Type of disease: Rare conditions
Skeletal dysplasia refers to a group of disorders causing abnormal bone and cartilage growth. There are more than 350 types of skeletal dysplasias, ranging in severity from having minimal effects on daily life to being universally fatal. Skeletal dysplasias are the most common causes of dwarfism. Skeletal dysplasia occurs in about 0.02% of all births, although the symptoms are typically not noticeable until later in childhood. Skeletal dysplasia may be caused by inherited genes, random mutations or changes in genes, or exposure to toxins that disrupt normal skeletal development.
Common symptoms of skeletal dysplasia include joint pain, clubbed feet, scoliosis, and short fingers. Individuals affected by skeletal dysplasia will often have shortened height, shortened or differing bone lengths in the arms and legs, and irregular thickness of bones. Skeletal dysplasia may also cause bones to become curved (bowed) or easily fractured.

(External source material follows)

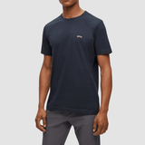 Boss Mens Classic Fit Cotton T-Shirt with Curved Logo in Dark Blue

Other common symptoms include abnormal ribs, missing limbs, too many fingers or toes, and a small thorax, which is the area between the neck and the abdomen. Improper bone growth may also delay development and impair mental functioning. Children diagnosed with skeletal dysplasia should be examined by specialists to ensure healthy development of the brain and spinal cord.

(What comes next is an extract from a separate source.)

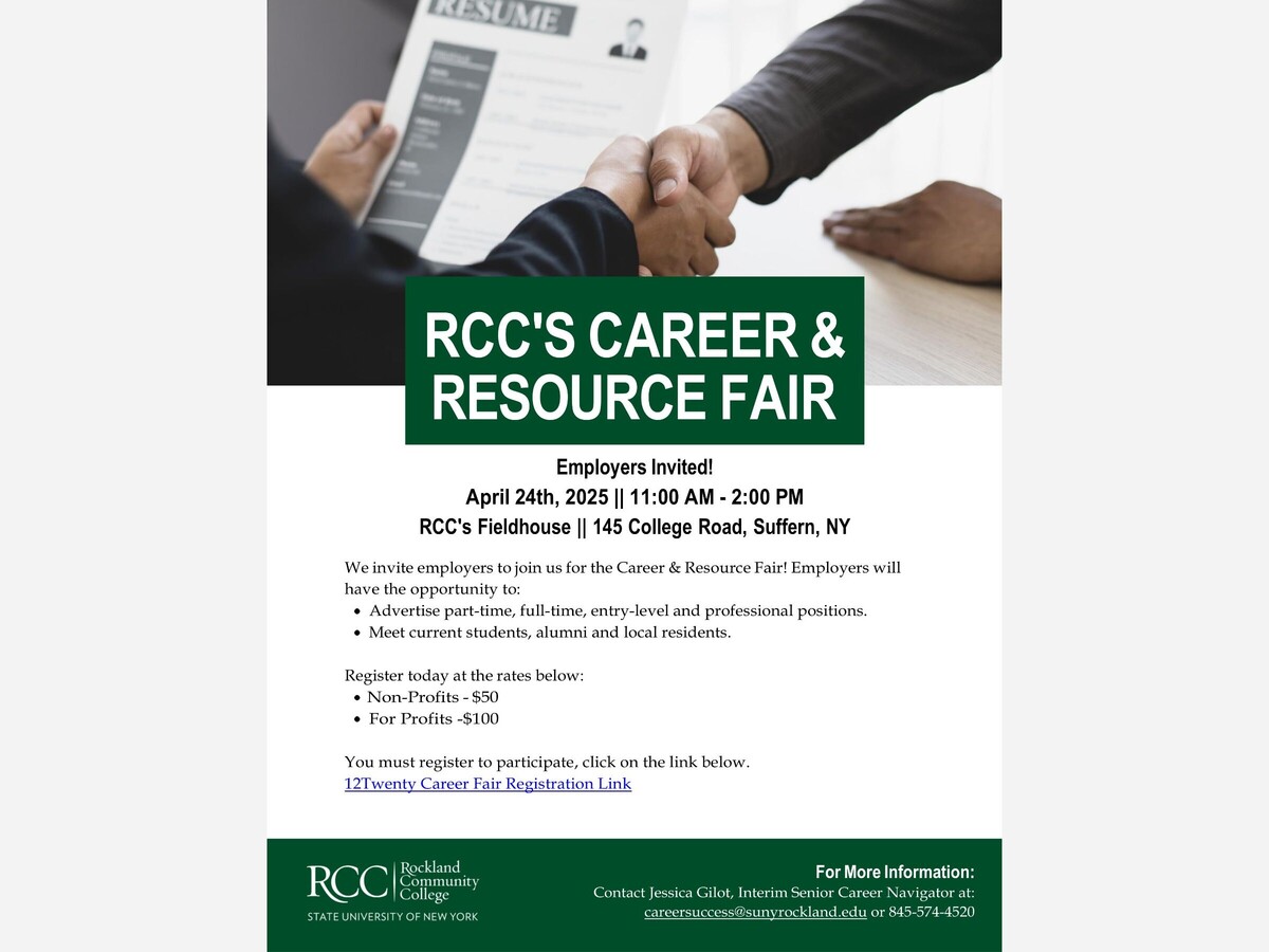 The Career & Resource Fair is free and open to all job seekers, and no registration is required for community members. RCC students must register in advance at this link: https://sunyrockland.12twenty.com/Account/Login?ReturnUrl=%2fevents%2f30006101250768

Diagnosis of skeletal dysplasia may be difficult until after childhood growth may be assessed. Comparing the size of the upper and lower limbs of the body may help determine the presence of abnormalities. Medical imaging and genetic testing are also used to diagnose skeletal dysplasia. Treatment for skeletal dysplasia depends on the subtype and symptoms affecting the individual. Fatal forms will result in premature death, while other forms will allow the individual to live a normal life with minimal treatment or intervention. If you or your child has been diagnosed with skeletal dysplasia, talk to your doctor about the most current treatment options.